Motoring: 2012 Subaru Impreza makes an impression
However, with each generation, the Impreza is looking more and more mainstream. That is obviously to attract a larger audience, but has Subaru diluted their formula too much to appeal to the Subaru purists?
To find out, I was invited by Subaru Canada to test their latest offering at an event, and a few weeks later I got to spend a week with one to see what it's all about.
What I discovered is this; the styling is much cleaner than before, so it won't make people cringe when they see it (some past Subaru designs have been a bit ugly). However, it now looks like it could be any car from any manufacturer. So when you see the new Impreza, in either the sedan or hatchback form, it won't jump out at you as a Subaru. Is it bland to look at? Yes, maybe just a little bit.

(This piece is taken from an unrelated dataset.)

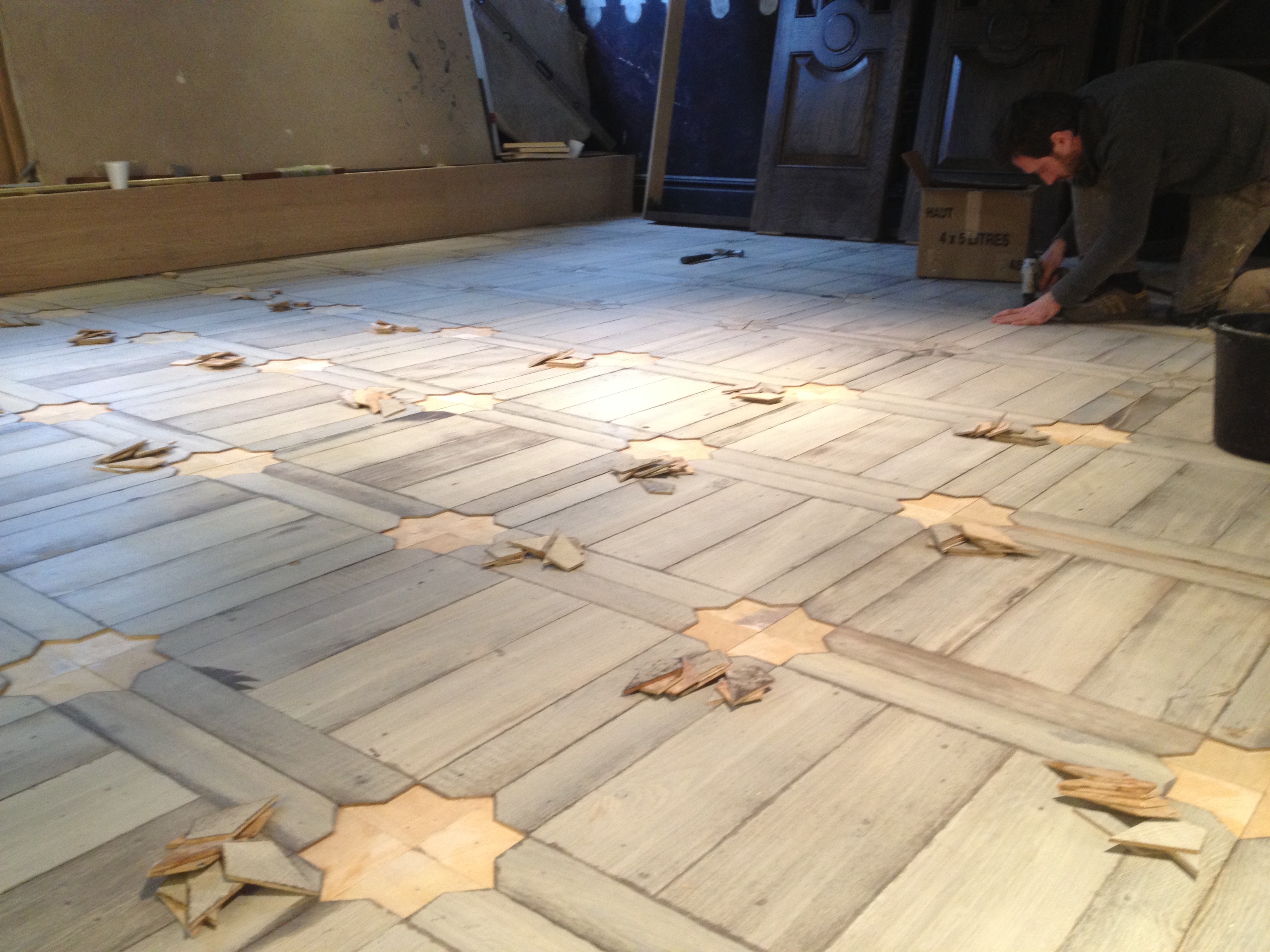 When Coya in Piccadilly first opened probably 9,10 years ago we were delighted to have provided all the wood floors. In particular the ones you see here. A panel of 600 mm x 600 mm ovelay oak to a 12 mm birch ply base. The centres of each four panel set are a rose of fossil cut oak, slightly under sized to create an old authntic feel.

The interior is better than it used to be. It's still very much made from plastic, but the quality of the material now used at least looks nicer than it used to. I also find all the placement of switches and gadgets to be at a better spot than before, and the seats are very comfortable — something the Impreza was always good at.

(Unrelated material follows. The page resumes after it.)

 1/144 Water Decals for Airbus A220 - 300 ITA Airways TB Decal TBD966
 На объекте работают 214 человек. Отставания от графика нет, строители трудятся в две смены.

If there is a complaint about this interior, it is regarding wind and tire noise. The culprit for the extra wind noise is the humongous door mirrors, which allow you to see around you better, but create more drag. The tire noise issue is not too bad, and perhaps Subaru should have used more sound-deadening materials to dampen the noise. But trust me, spend a few days with one, and you'll get used to this.

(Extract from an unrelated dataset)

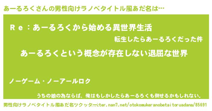 | 伝説のあだ名 | 『古より伝わる勇者あーるろく』 |

What you (or at least I) will never get used to is the new CVT automatic gearbox. Why, Subaru? Why did you junk a perfectly good five-speed automatic gearbox in exchange for a lousy CVT?
Subaru will tell you they did it in the quest to improve fuel economy, but honestly, the difference is too small to validate the sacrifice. I noted 9.8 litres/100km on a city and highway run, which, while not bad, is not great, either.
Thankfully, however, you can still buy one with a five-speed manual gearbox. This is the gearbox I had on my tester, and is the much better option to pick. With the manual, you can use the new 2.0-litre, four-cylinder, boxer engine much better, and utilize all its 148 hp and 145 lb/ft of torque.
The CVT can come with paddle shifters, but I find they are useless. If you're buying an Impreza, buy the manual. If you don't know how to drive a manual, then learn how to.
Use the manual well and you'll be rewarded with a car that is not only decently quick, but one that also sounds good. These boxer engines do have an appealing snorty, growling characteristic that would appeal to those who like cars and understand mechanical engineering.
Everyone will appreciate its all wheel drive system. During the week I had the car, there was a fair bit of snow on the ground. Did that upset the Impreza? Not one bit. On a slushy, slippery, cold day, this car behaved better than some cars do on a dry summer's day. If you value traction, you'll like the Impreza.
As for handling, the new car seems a bit softer than the outgoing model, but it is still enjoyable on a twisty road. It's a more entertaining car than most of its competitors, and that is why most people bought the Impreza in the past in the first place.
Now you can get into an Impreza for less than you used to; the base model sedan starts at just $19,995. The five-door hatchback is $900 more.
If you're looking to buy a compact- segment car, the new Impreza might not be as unique as it once was, but it's still better than some of its competitors, and thus should be placed very high on your shopping list.